Tekrardan ağzımızın tadını yerine getirmek için son olarak size yapay zekadan ve yan görevlerdeki alternatifliklerden bahsetmek istiyorum. Oyunda düşmanların size yaklaşımı oldukça zekice tasarlanmış. Örnek vermek gerekirse bir odada iki düşmanla karşılaştım ve silahlı çatışmaya girdik, ben klasik bir şekilde bekle vur taktiği ile onları alaşağı ederim diye düşünürken iki düşmandan bir tanesi beni oyalayıp diğer etrafımdan dolaşarak bana yaklaşmaya çalıştı.

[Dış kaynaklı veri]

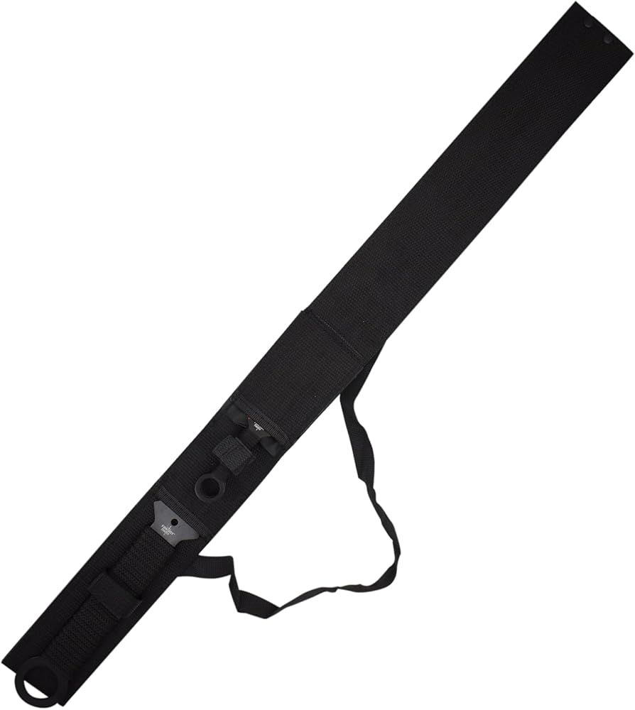 SPECIAL FEATURES: Black and satin finish stainless steel tanto blades with black cord wrapped handles. Set includes sword and 2 throwing knives. Full tang construction. Includes black nylon sheath for easy and safe carry.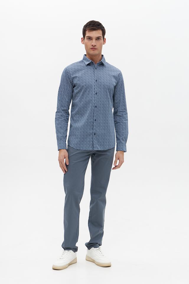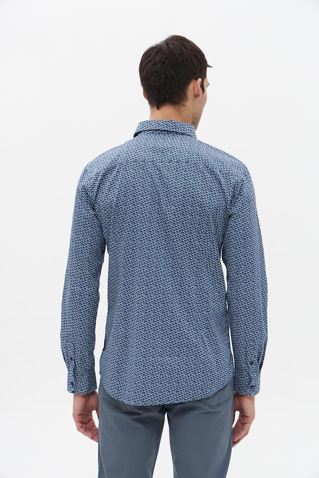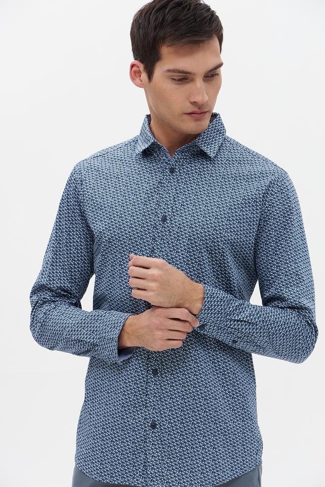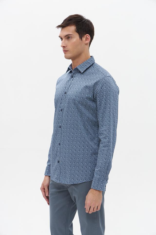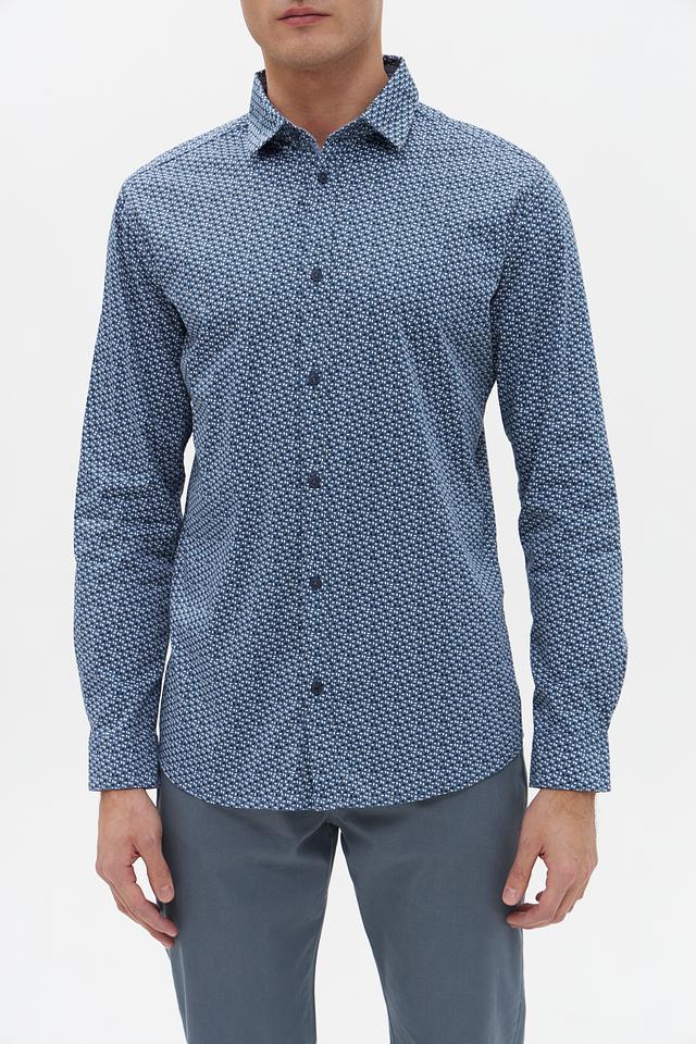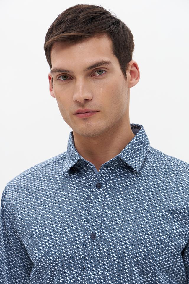 Мужская рубашка Tom Tailor синего цвета с длинным рукавом, выполнена в мелкий геометрический рисунок. Классический крой и состав из хлопка с добавлением эластана обеспечивают комфорт и удобство в носке. Состав: хлопок 98%, эластан 2%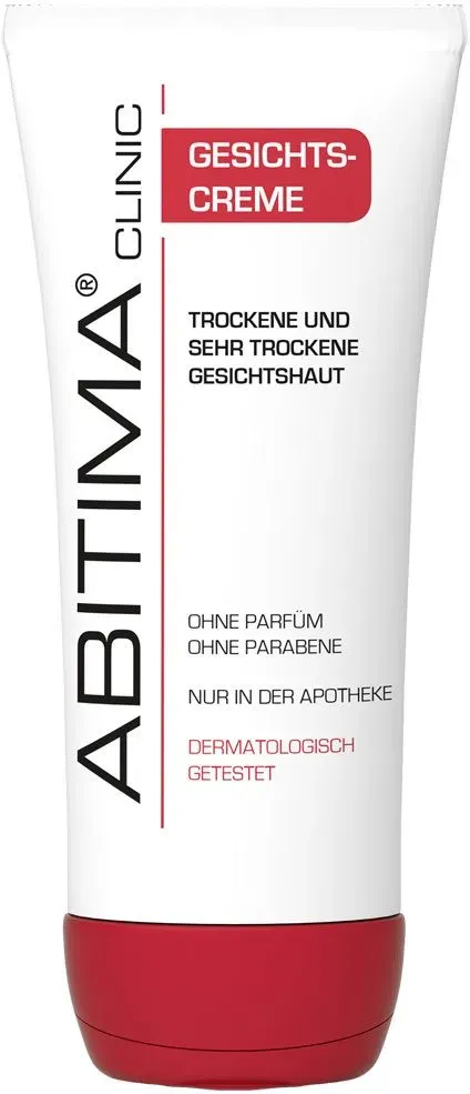 Verfügbarkeit: 1-2 Werktage - 100,10 €/l - Kategorie: Medizinische Körperpflege - Abitima Clinic - GTIN:4150068124371 - PZN:06812437 - ABITIMA CLINIC Gesichtscreme 100 ml - rezeptfrei - von PUREN Pharma GmbH & Co. KG - Creme - 100 ml - 10,01 Euro bei DocMorris Apotheke - gefunden von billiger.de ![]() ![]() ABITIMA CLINIC Gesichtscreme 75 ml ? bei trockener Haut, beruhigt irritierte Haut, spendet intensive Feuchtigkeit, mit Lanolin, Vitamin E & Glycerin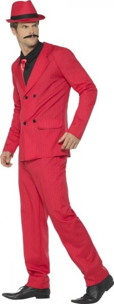 30. léta minulého století se vyznačovala nejen charlestonem, ale také prohibicí, mafií a jazzem. K tomu také patřila specifická móda. Červený kostým mafiána využijete na karnevalovou párty ve stylu 30. let, mafiánských plesech a jazzových koncertech. Celý pánský oblek zdobí tenké černé proužky.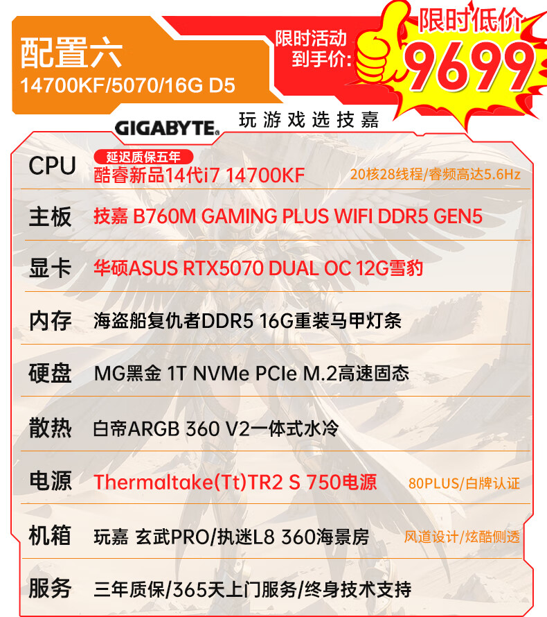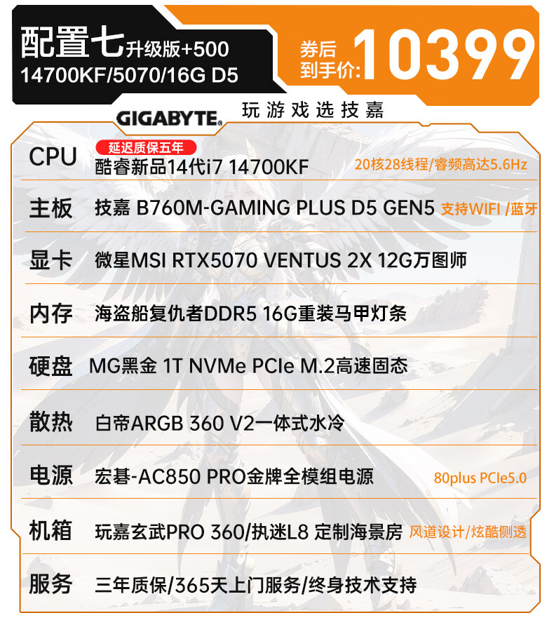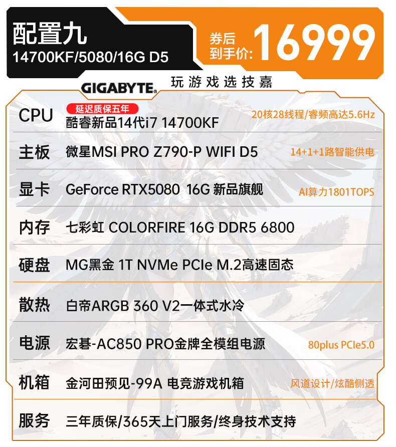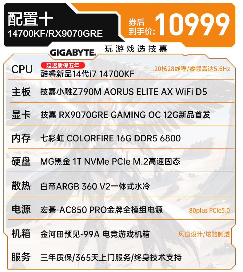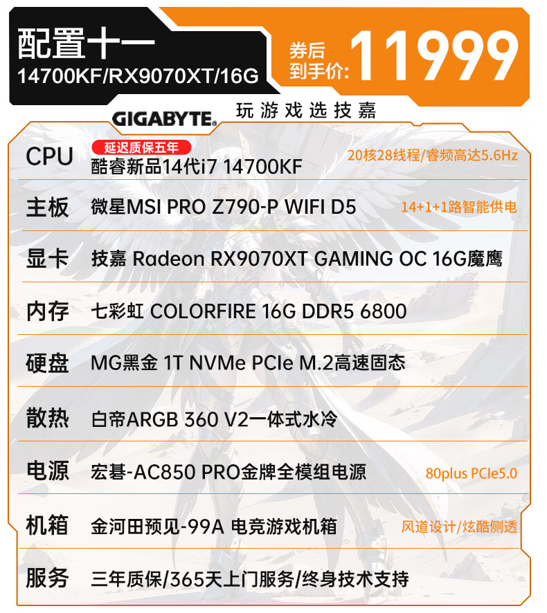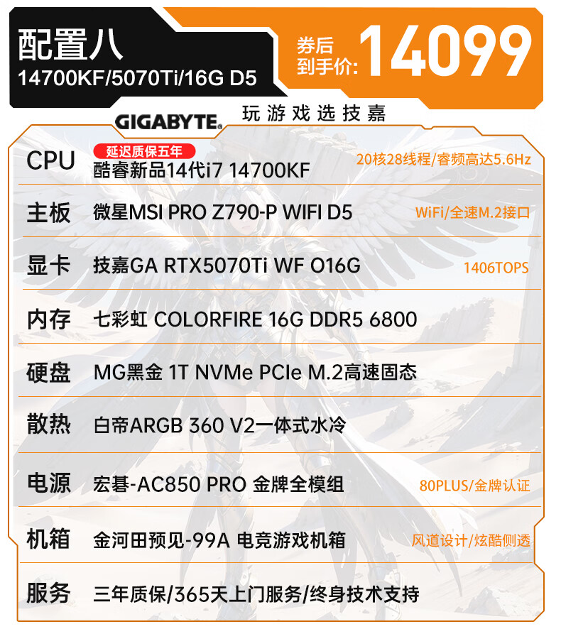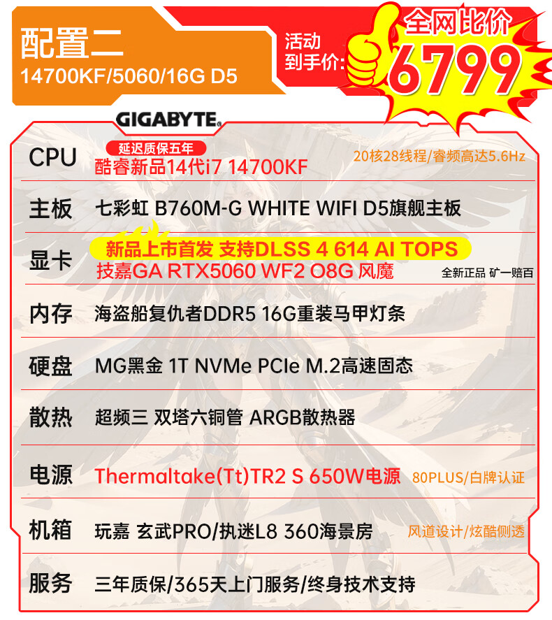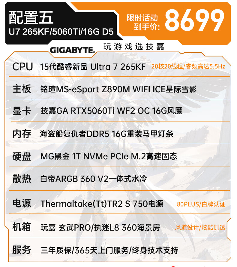 Gigabyte Ultra7 265K/14700KF/RTX5060/5070Ti assembled computer host live broadcast Ai rendering high configuration e-sports game chicken computer desktop complete set two i7 14700KF+RTX5060 single host
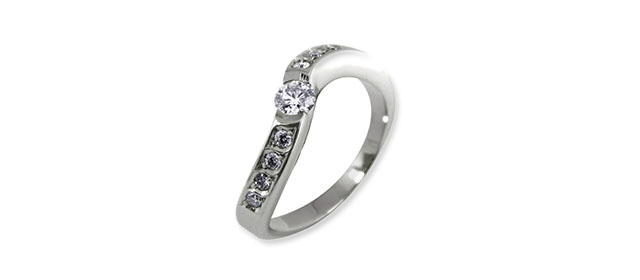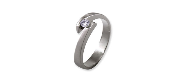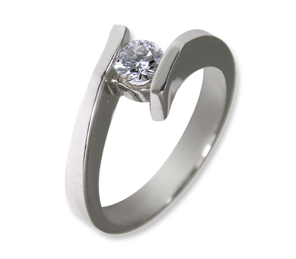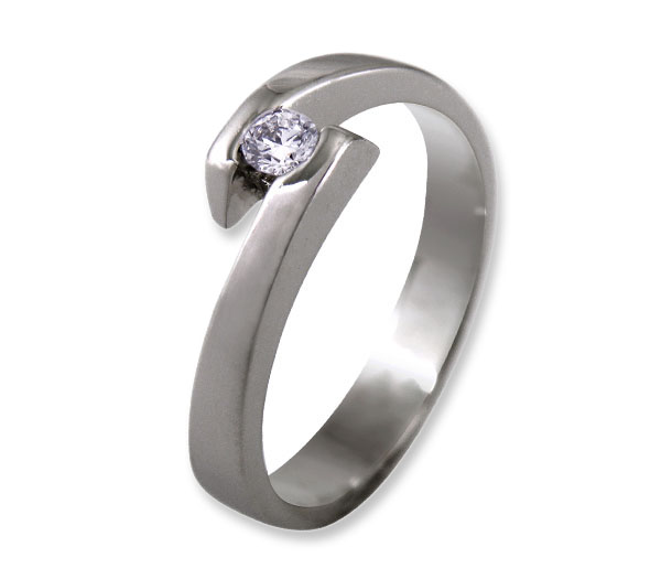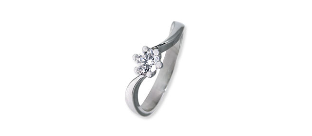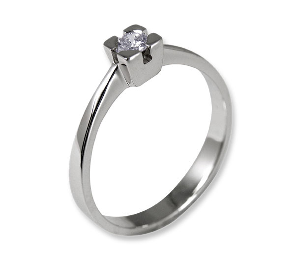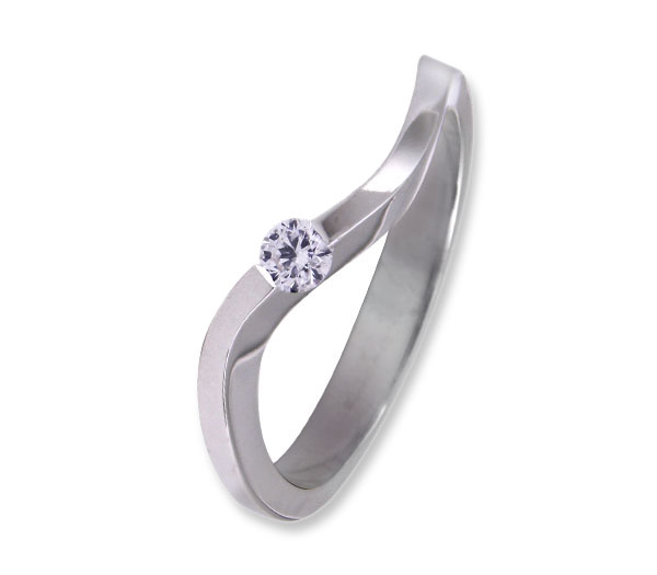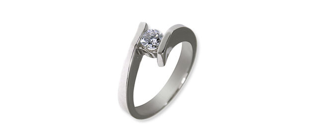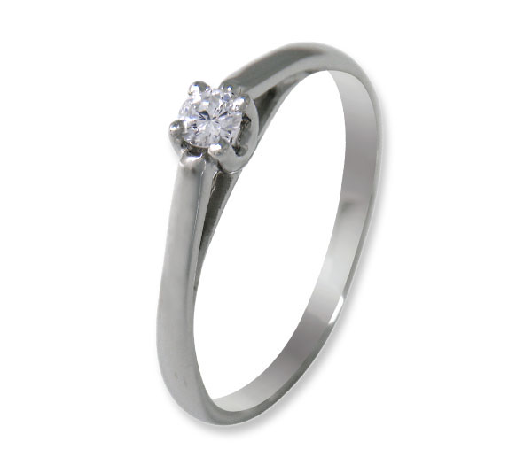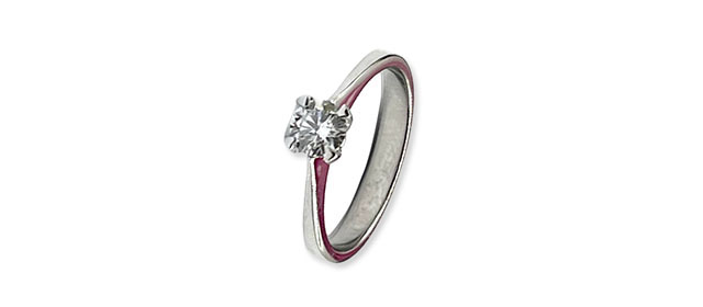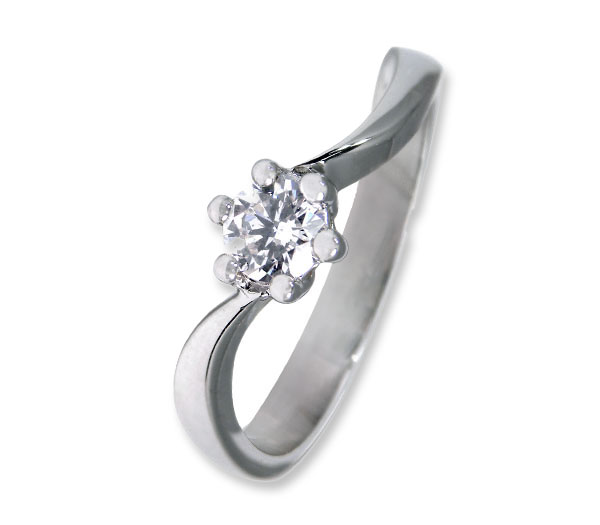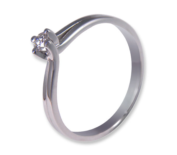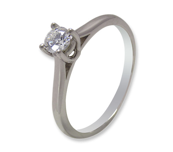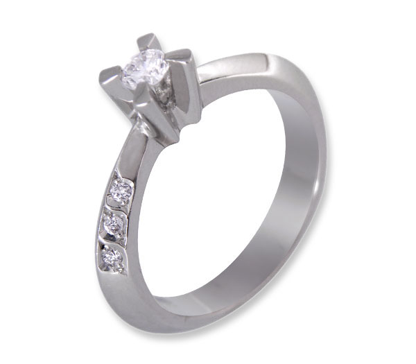 Solitario con diamante talla brillante, brazo girado. Peso de 0.10Cts a 0.19Cts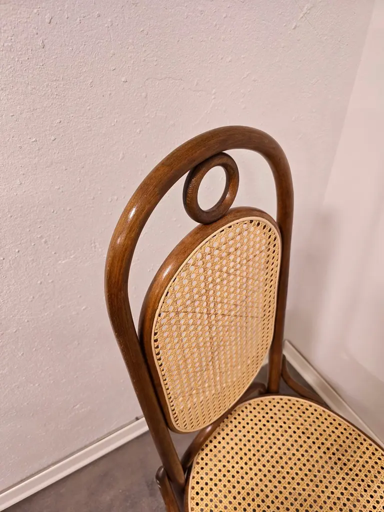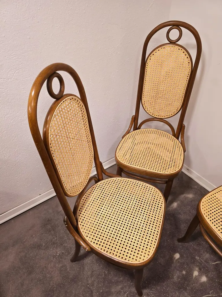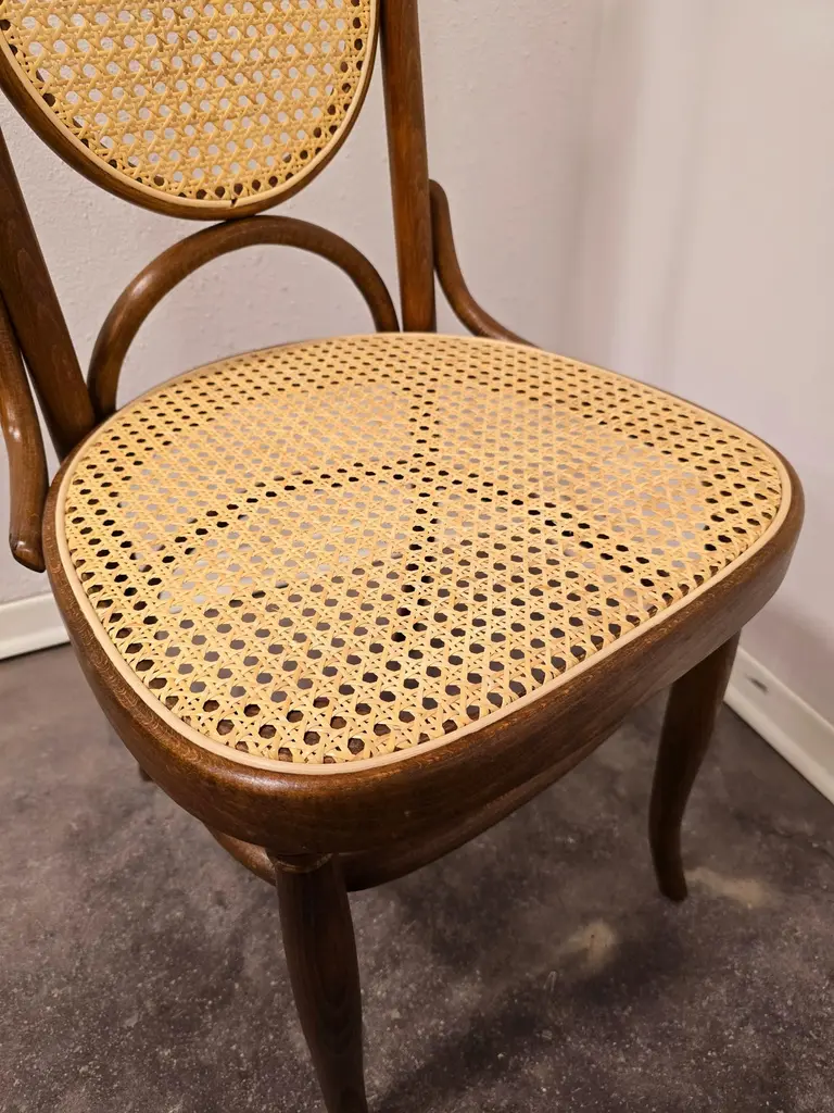 Bentwood cane back chairs N. 17.Period: 1960sMaterials: bentwood, caneColour: clear wood.Condition: Chairs were completely restored.Price is for one chair.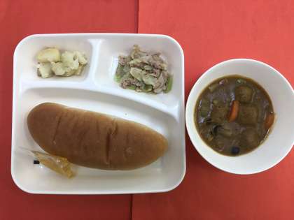 今日の献立は、「ミートボールと野菜のカレー煮」「ツナとキャベツのソテー」「焼きじゃが」「コッぺパン・マーマレード」「牛乳」です。カレー煮は、ボリュームのある煮込み料理です。明日は、かす汁が登場します。

Neyse ki kısa zamanda fark ettim ve bu tehlikeyi savuşturdum. Bir diğer nokta ise şu; düşman ile ilk buluştuğunuz noktadan bir şekilde saklanarak farklı bir noktaya giderseniz, düşman sizi son gördüğü noktaya odaklanıyor ve siz ikinci bir etkileşime girmene kadar dikkatini sizi ilk gördüğü yöne veriyor, siz de böylece düşmanın üzerine sinsice yaklaşıp sürpriz yapabiliyorsunuz. Ancak yine de buna güvenip sakın gevşemeyin çünkü yine arada farklı noktalara ilerleyen askerler bulunuyor ve kendinizi bir anda çapraz ateş arasında kalabiliyorsunuz.
Alternative Ways
Bir diğer nokta ise yan görevlerdeki alternatif sonlar. Ancak DİKKAT! Bu bölüm hafiften SPOILER içerir.
İlk görevde Sarif binasına yapılan saldırıya misilleme yapmak ve daha önemlisi çalınan Typhoon silahını geri almak için eylemcilerin bulunduğu bölgeye girdiğinizde içeride tutsaklar olduğunu da öğreniyorsunuz. Bu yan görev ve yapmanız zorunlu değil ancak yapsanız dahi görevin sonu da size kalmış. Nitekim rehinelerin bulunduğu odaya girdiğinizde size hemen bağırıp çağırıyorlar ve masadaki bombayı durdurmanızı istiyorlar. Burada hacking yeteneğinizi kullanarak durdurabiliyor ya da bombanın patlamasına engel olamayıp insanların ölmesini izliyorsunuz. Sizin ciğerleriniz nano teknolojik değişimden pay aldığı için siz az bir güçle hayatta kalıyorsunuz. Bu anlattığım yan görevlerdeki seçim şansı özelliğinin en basiti, ilerleyen bölümlerde daha farklı durumlarla da karşılaşabiliyorsunuz.
Deus Ex: Human Revolution, ağustos ayında bizlerle olacak ve şu an için oldukça umut vaat edici gözüküyor. Heyecanla bekliyor ve ufak hatalarından giderildikten sonra yeni bir fenomene dönüşeceğini düşünüyoruz.